START Data extract

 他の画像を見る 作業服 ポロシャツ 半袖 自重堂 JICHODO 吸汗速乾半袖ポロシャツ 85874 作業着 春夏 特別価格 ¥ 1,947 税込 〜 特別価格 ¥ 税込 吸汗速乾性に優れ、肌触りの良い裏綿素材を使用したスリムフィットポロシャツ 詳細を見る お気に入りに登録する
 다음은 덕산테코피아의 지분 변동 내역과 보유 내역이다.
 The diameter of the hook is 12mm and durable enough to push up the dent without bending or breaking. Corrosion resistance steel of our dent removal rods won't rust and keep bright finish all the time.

END Data extract
START Data extract

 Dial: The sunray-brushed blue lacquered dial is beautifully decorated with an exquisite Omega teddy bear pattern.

END Data extract

All that is wanted is a faithful reproduction of the line above with "他の画像を見る 作業服 ポロシャツ", the line with "The diameter of", and every line in between.

** Reply **
 他の画像を見る 作業服 ポロシャツ 半袖 自重堂 JICHODO 吸汗速乾半袖ポロシャツ 85874 作業着 春夏 特別価格 ¥ 1,947 税込 〜 特別価格 ¥ 税込 吸汗速乾性に優れ、肌触りの良い裏綿素材を使用したスリムフィットポロシャツ 詳細を見る お気に入りに登録する
 다음은 덕산테코피아의 지분 변동 내역과 보유 내역이다.
 The diameter of the hook is 12mm and durable enough to push up the dent without bending or breaking. Corrosion resistance steel of our dent removal rods won't rust and keep bright finish all the time.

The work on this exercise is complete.